What you should do:
Would you retype the lines from the one that holds "Cominella adspersa (speckled" to the final line of the entries below, both ends included and exactly as written, but without pictures?

Stored items:
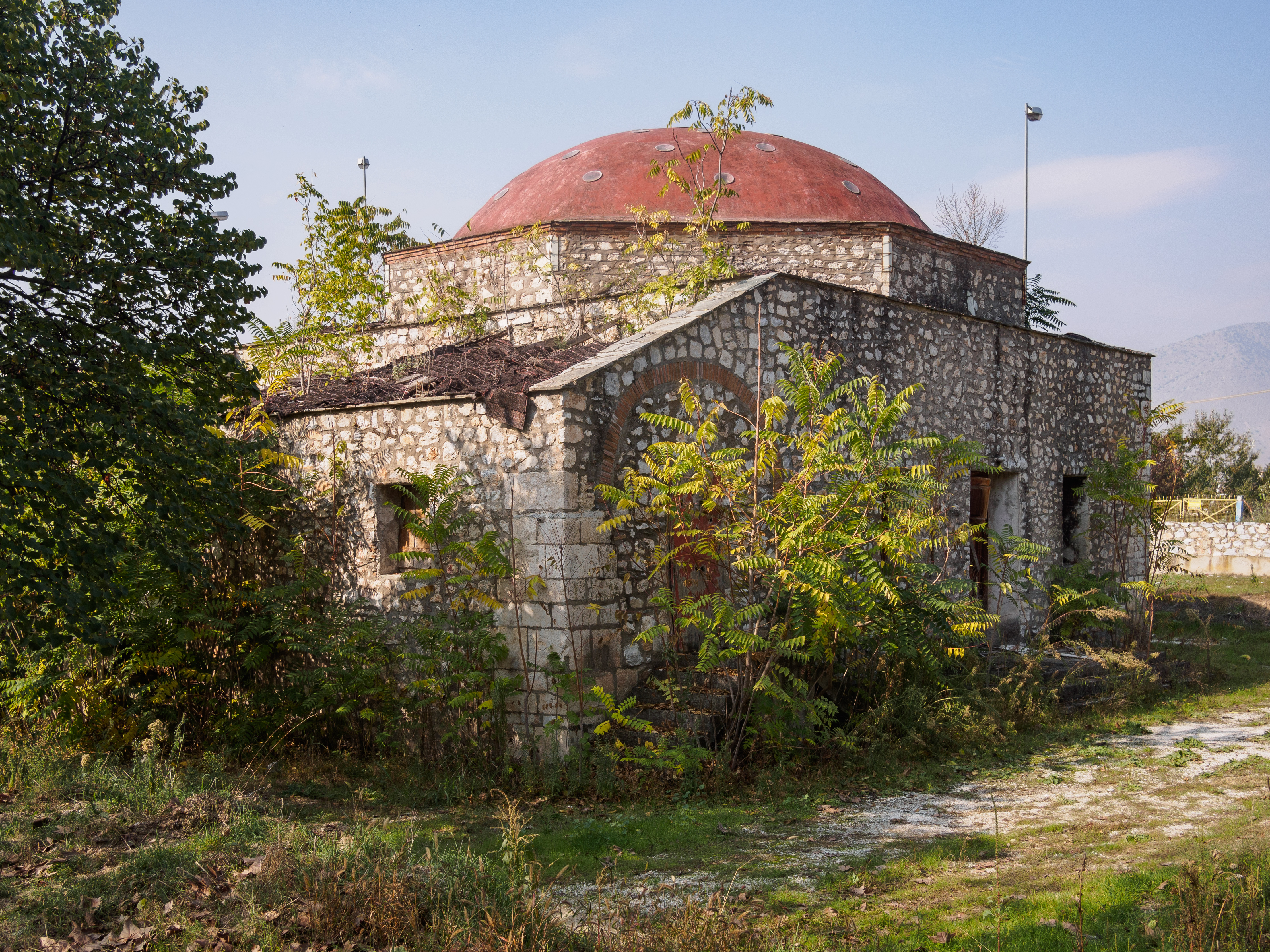 The ottoman hammam of Tyrnavos.
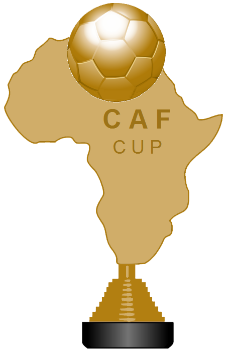 The trophy of CAF Cup
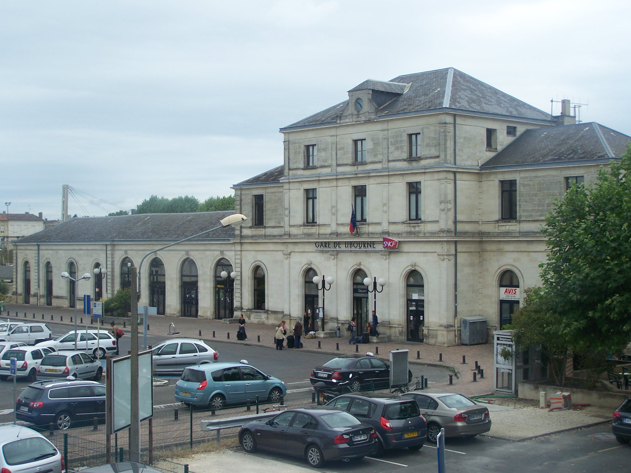 Front of the French city of Libourne station, in Gironde.
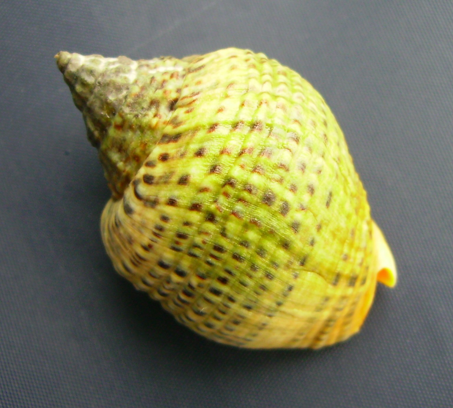 Cominella adspersa (speckled whelk), from Auckland, New Zealand. This work has been released into the public domain by its author, Graham Bould. This applies worldwide.In some countries this may not be legally possible; if so:Graham Bould grants anyone the right to use this work for any purpose, without any conditions, unless such conditions are required by law.
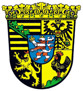 Coat of arms of Thuringia 1933–1945

Written solution:
 Cominella adspersa (speckled whelk), from Auckland, New Zealand. This work has been released into the public domain by its author, Graham Bould. This applies worldwide.In some countries this may not be legally possible; if so:Graham Bould grants anyone the right to use this work for any purpose, without any conditions, unless such conditions are required by law.
 Coat of arms of Thuringia 1933–1945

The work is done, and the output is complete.